Tell us about international work the league is doing.
We have three people right now in Kenya working with women citizen activists in the Muslim territories or provinces, doing training on how to be proactive citizens in the sense of holding your government accountable. Every year we do a couple of different programs. [Although] we’re not primarily an international group, this interest in women internationally does go back to our founding. We were very active in the 1940s in the creation of the United Nations and were present at the signing of the U.N. charter, and we have official observer status at the U.N. today. And several of our New York league members go four days a week and participate in U.N. subcommittees and so forth.
A number of countries in recent years have changed their constitutions to have sort of a quota for so many women to be elected. Well, none of these women have ever run before, so sometimes we get involved with trainings on being a candidate—not what your position is, but how to be one. But more often we do the citizen’s role and government accountability, government transparency. We’re going to be doing some exchange programs with people coming from Russia and the Ukraine, and we’re in the midst of one in Kenya. We had six Kenyan women come and visit several of our leagues for a few weeks in April. We’re in Kenya now putting on training sessions, going back to the communities where our visitors came from, but not speaking just to them—they helped organize training sessions for large numbers of women along the coast of Kenya and in the north area.

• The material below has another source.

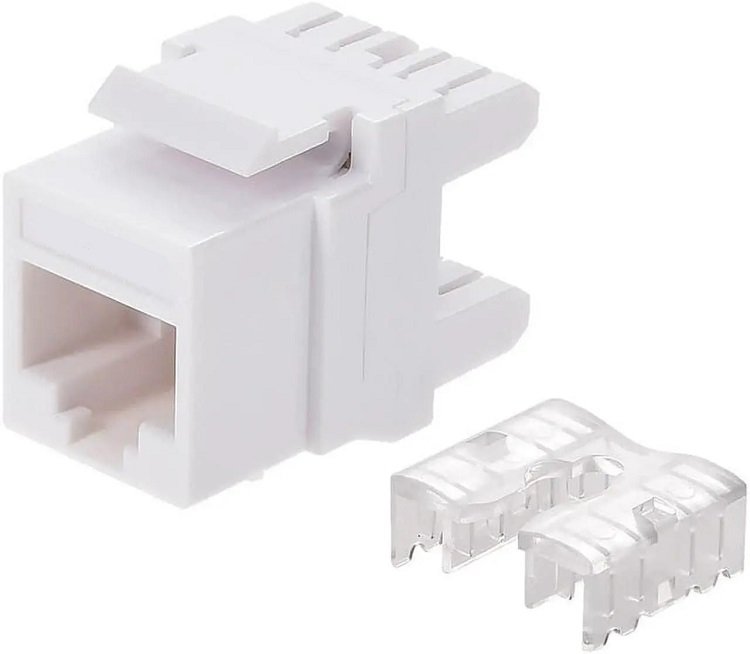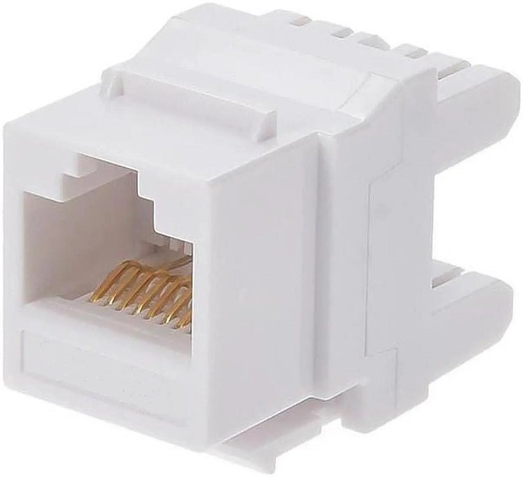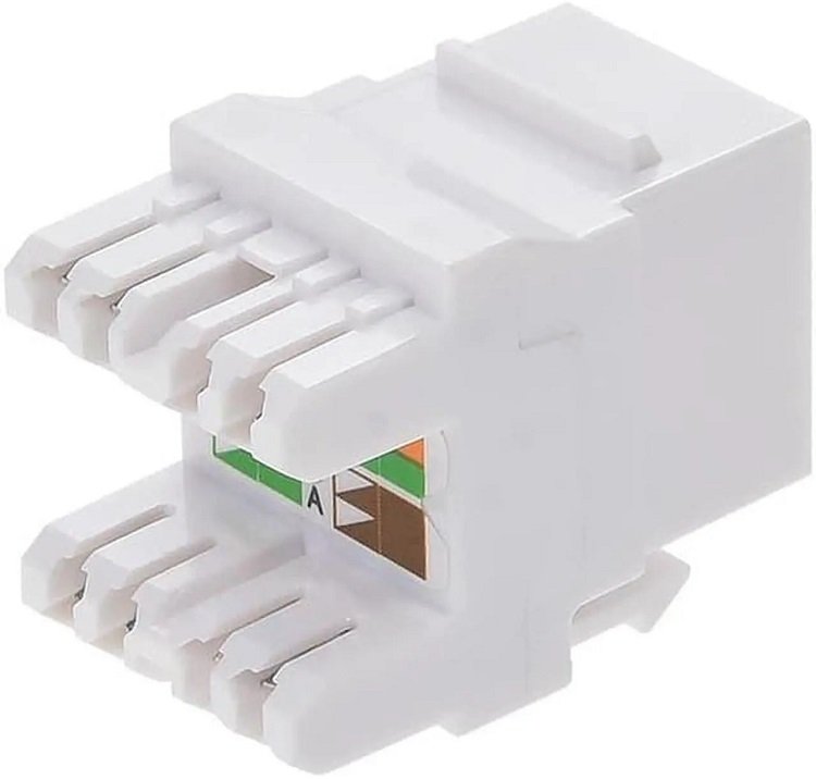 Модуль-вставка типа Keystone, категория 5e, RJ-45/8P8C, 110 IDC, 180 градусов, неэкранированный, белый.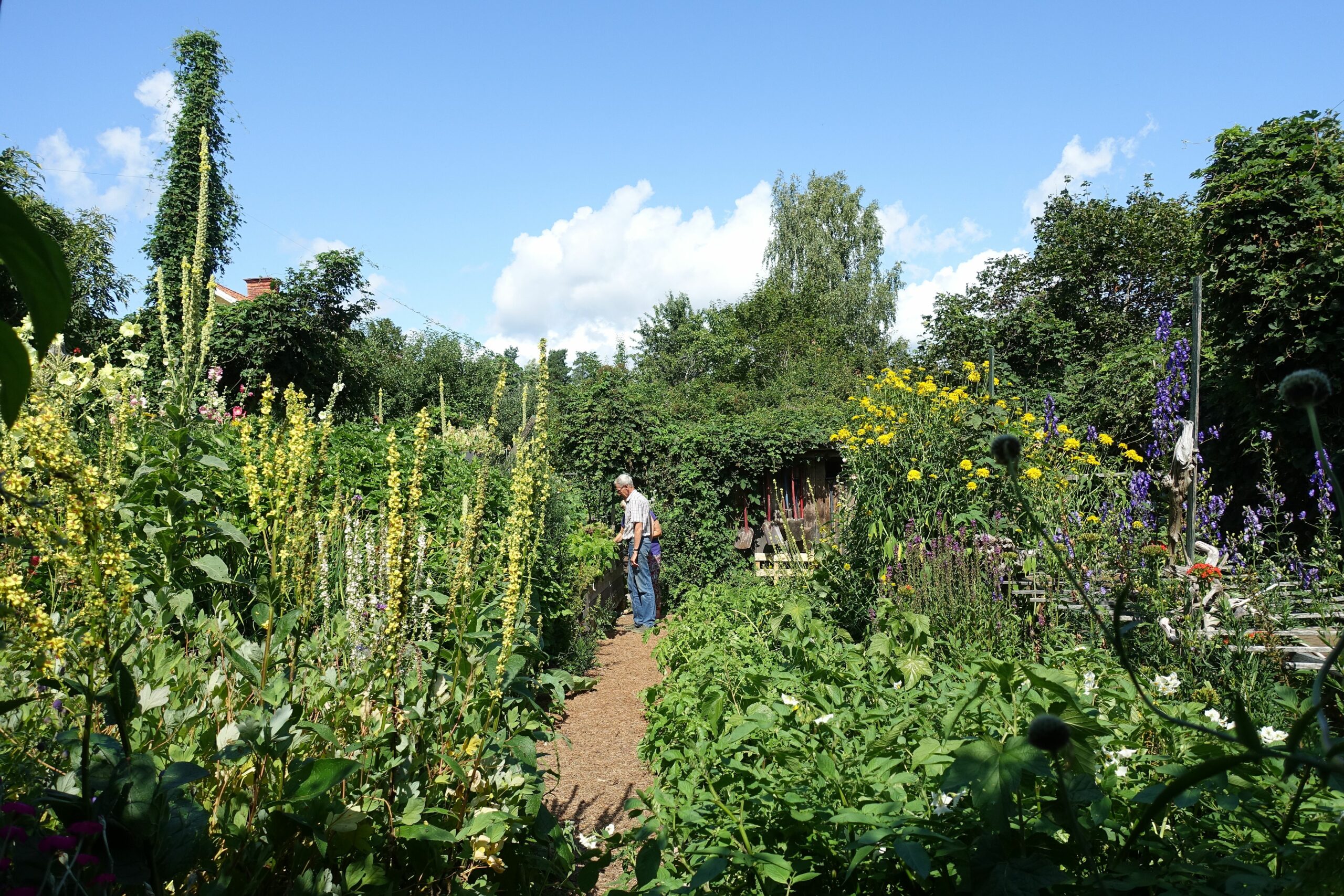 Börje Remstams trädgård är en fantastisk pärla, med höga perenner och sommarblommor som växer tillsammans med frodiga grönsaker.

What are the most important things for voters to be paying attention to on the national level for the 2006 election?
At the national level we just don’t make a statement about that. The things we are spending our time on are concerns we have with the election system. A lot of our work and a lot of our emphasis is trying to keep people from being disenfranchised. Election 2000 shone the light on a lot of procedural issues in the U.S. election system that the league knew were there, but most people didn’t. We helped pass into law the Help America Vote Act of 2002. The states are in the process of implementing it, but with a lot of variation, and so in some cases we’re concerned. We see state laws or bills that raise the level of identification that voters have to show, over and above what is required by the federal law. In general, if you say that to most members of the public, they say, well, everybody has a driver’s license. Well, in fact, everybody doesn’t have a driver’s license. A lot of elderly people don’t have driver’s licenses, and a lot of people in inner cities don’t have a driver’s license. There are concerns in California and elsewhere about voting machines. We are focusing on trying to fix these things, but we don’t want people to say in case this machine fails I might as well not even bother. They definitely should go and vote. We try to work within the system in different ways to improve those things, but to also make sure the voters know exactly what to expect so that they can go in and vote—they have the right ID, they know what kind of machine it is, so they don’t have the kind of butterfly ballot case where they didn’t know what to do.